Study material:
•••••

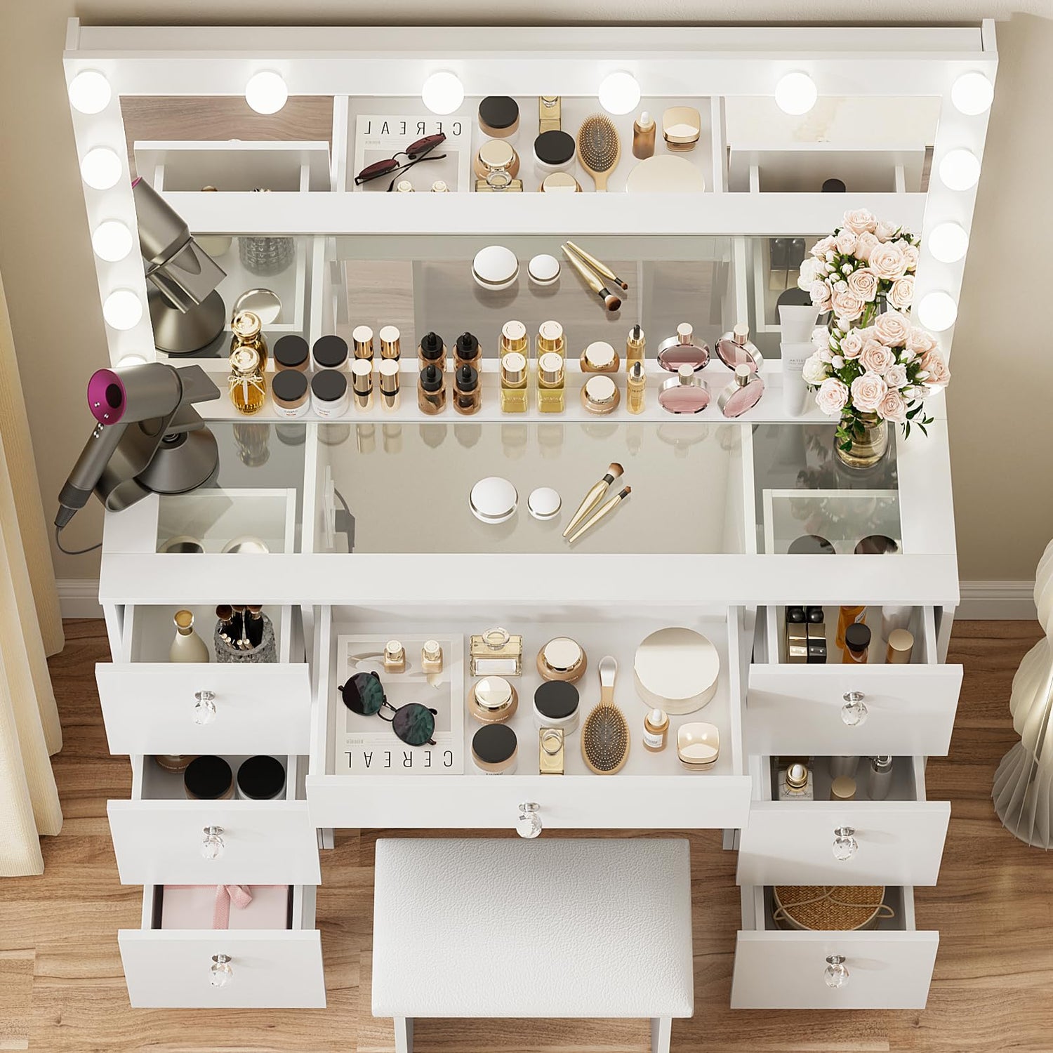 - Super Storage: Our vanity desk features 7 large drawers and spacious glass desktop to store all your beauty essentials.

•••••

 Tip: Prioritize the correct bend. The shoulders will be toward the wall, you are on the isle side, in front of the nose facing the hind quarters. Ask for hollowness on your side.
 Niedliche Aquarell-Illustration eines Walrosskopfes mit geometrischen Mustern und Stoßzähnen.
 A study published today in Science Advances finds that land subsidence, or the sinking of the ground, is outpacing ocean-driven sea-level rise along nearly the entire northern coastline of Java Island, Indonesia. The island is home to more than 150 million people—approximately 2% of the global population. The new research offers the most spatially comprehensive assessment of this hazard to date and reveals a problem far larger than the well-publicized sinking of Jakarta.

•••••

Aim of the task:
Leave out every line above except those from the line with "Tip: Prioritize the" up to and including the line with "Niedliche Aquarell-Illustration eines", and copy those exactly.

Task solution:
 Tip: Prioritize the correct bend. The shoulders will be toward the wall, you are on the isle side, in front of the nose facing the hind quarters. Ask for hollowness on your side.
 Niedliche Aquarell-Illustration eines Walrosskopfes mit geometrischen Mustern und Stoßzähnen.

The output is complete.